Huge potential for Nordic co-operation on tourism

18.03.19 | News
Islands turismminister Þórdís Kolbrún R. Gylfadóttir och Sigrún Brynja Einarsdóttir, som skrivit turismrapporten.
Photographer
Þórir Hrafnsson

On 27 March, Ragnheiður Elín Árnadóttir presented a report to Iceland’s Minister for Tourism Þórdís Kolbrún Reykfjörð Gylfadóttir.

 

A new report commissioned by the Nordic Council of Ministers states that the Nordic countries have a lot to gain from working together in the field of tourism. Areas in which co-operation may be beneficial include innovation, digitalisation, and marketing.

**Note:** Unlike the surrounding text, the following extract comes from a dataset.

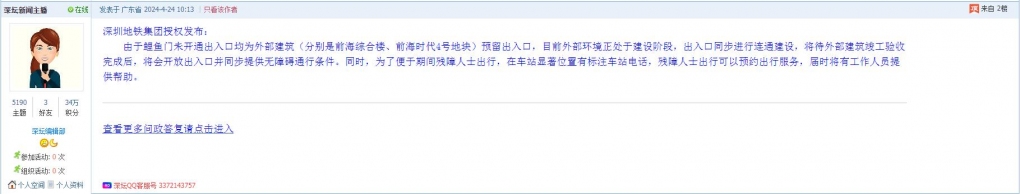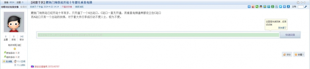 2、帖文《鲤鱼门地铁站开站十年都无垂直电梯》

The analysis was conducted by Iceland’s former minister for business and industry Ragnheiður Elín Árnadóttir, who puts forward a number of proposals for how co-operation could be strengthened. The report should be seen as a basis for the forthcoming Nordic tourism plan, which is due to be launched later this year.

Tourism is a priority area in the Nordic Council of Ministers, and co-operation in tourism will be high on the agenda when the Nordic ministers for business meet in Iceland in June.

In her report, Árnadóttir highlights sustainable tourism as one area in which closer co-operation would be beneficial, and in which the challenges are largely the same throughout the region. She proposes a Nordic roadmap with measurable and ambitious targets for sustainable tourism. In addition, she calls for clear goals and priorities for Nordic politicians with regard to co-operation on sustainable tourism. 

Co-operation would add value

Árnadóttir highlights digitalisation as a key co-operation area. She proposes the creation of a forum tasked with developing new ideas within digital tourism, focusing on things like smart destinations. In addition, Árnadóttir wants to see more collaboration on statistics and mobile data.

She emphasises that co-operation must be effective, relevant, and add value. Árnadóttir wants more than for co-operation to be merely a matter of form, and proposes the use of existing structures as a foundation.

“Many challenges within the field of tourism are shared by all countries, so there’s much to gain from working together. In my analysis efforts, I could clearly see that there is both an interest and a need for increased Nordic co-operation in the tourism sector. The countries can learn a lot from each other,” says Árnadóttir.